だが彼はあなたに対して、包み込むように瞳を細めた。
「いいや、そんなことない。君は俺のことを考えてくれただけでしょう? 君を不安にさせたのに、焼きもち妬いてくれたのかななんて、密かにドキドキしてしまった。ごめんね」
「……う、ううん。その通りだし……だって嫌なんだもん、ヴィクトルのそばに可愛い女の子がいたら……」
思わず本音をこぼしてしまうと、彼は黒く美しい瞳を余裕なく揺らした。
「あぁ、名無しちゃん……君以外のどこに可愛い子がいるんだい。俺はそんなの見たことがない」
「ふふっ。甘いなぁ…ヴィクトルは。たくさんいるよ」
「いないよ。今目の前にしかいないね」
本気で告げられる甘い台詞に、あなたは視線をさまよわせたあと、こっそりと口元を緩めた。

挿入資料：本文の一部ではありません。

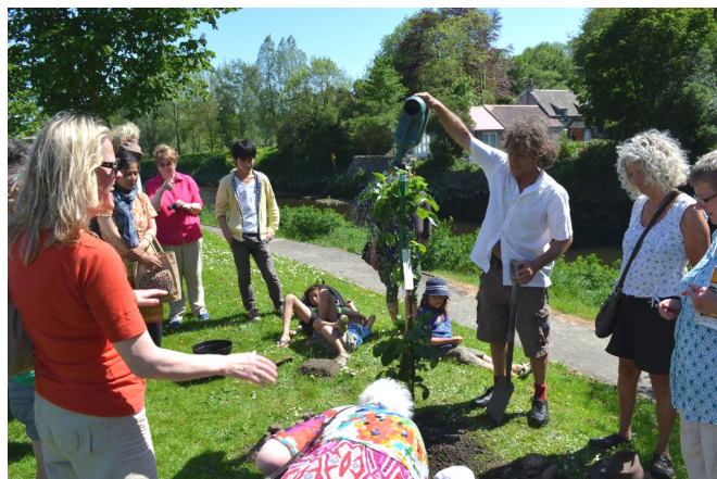
First fruit tree planted by the Orchard Mawr group, part of Transition Haverfordwest, at the 2012 Green Fayre.

The group meets regularly to plan tree planting - on publicly accessible land. In 2012 a 'Green Fayre' was held on Picton Fields, when the first fruit trees were planted along the

曇っていた心はいつもこんな風に、彼によって、いつの間にか取り払われてしまうのだ。
「なんだか嬉しいなぁ、こうやって話すの。メッセージも毎日すごく幸せで大切なんだ。でもやっぱりビデオ通話のパワーってすごいね」
「そうだね。これがなかったら俺は確実に干からびてただろうね」
冗談まじりに肩をすくめられ、つい吹き出してしまう。
そのあとも二人の話は尽きなかった。お互いのことを話していたら、あっという間に一時間以上が過ぎ去る。
「もうこんな時間だね。朝早いんだよね」
「……名無しちゃん、またその台詞で締めくくろうとするの。いやだよ、俺は……」
「でも寝ないとだめでしょう。朝何時に起きるの?」
「6時。出来る限りジムに行ってるんだ。君に喜んでもらいたくて。まだいい体だから安心してね」
「もうっ、何言ってるのっ」
「あれ、何を想像したのかな?」
頬を染めたあなたを見て、ヴィクトルはからかうように笑う。
これだけ冗談が言えるなら大丈夫だとあなたは思った。
でもやはり、時間が近づいてくると心細くなってくる。
「おやすみヴィクトル……」
「うん……待って、一緒に寝る?」
「無理だよそんなのっ」
「やっぱそうか」
中々切りたがらないお互いに困っていると、あなたはもう一つ彼に言い出したかったことを思い出した。
今がチャンスだと感じたのだ。
「あの、ヴィクトル。もしよかったら、帰り、迎えに行ってもいい?」
「えっ! 空港に?」
彼が驚いて聞き返すと、あなたはドキドキして頷いた。
彼の瞳にみるみる生気が宿り始める。
「でも大変じゃない? 着くのは夜だし、遅れるかもしれない。次の日は君も仕事だし――」
「ダメ?」
「いや来てほしい。すぐに会いたい。君に」
そんなふうにまっすぐ、飾り気もなく欲求を伝えられたのは初めてだった。
とんでもなく嬉しい気持ちが心に広がっていく。
「よかったぁ。じゃあ行くね。嬉しいなぁ。すぐに顔が見れるんだ、ふふっ。――あ、クリスさんのことももし良かったら送っていくからね」
「ありがとう。でもどうだろうね、たぶん気を使って別れると思うよ」
彼は思わせぶりなウインクをしてきて、早くも二人の世界に浸っている様子だ。
そうと決まれば、あなたもヴィクトルも残りの日数を乗り切れる気がしてくる。
二人の愛情も絆も、何があろうとけっして解かれることはないと、もうすでに分かっていたからである。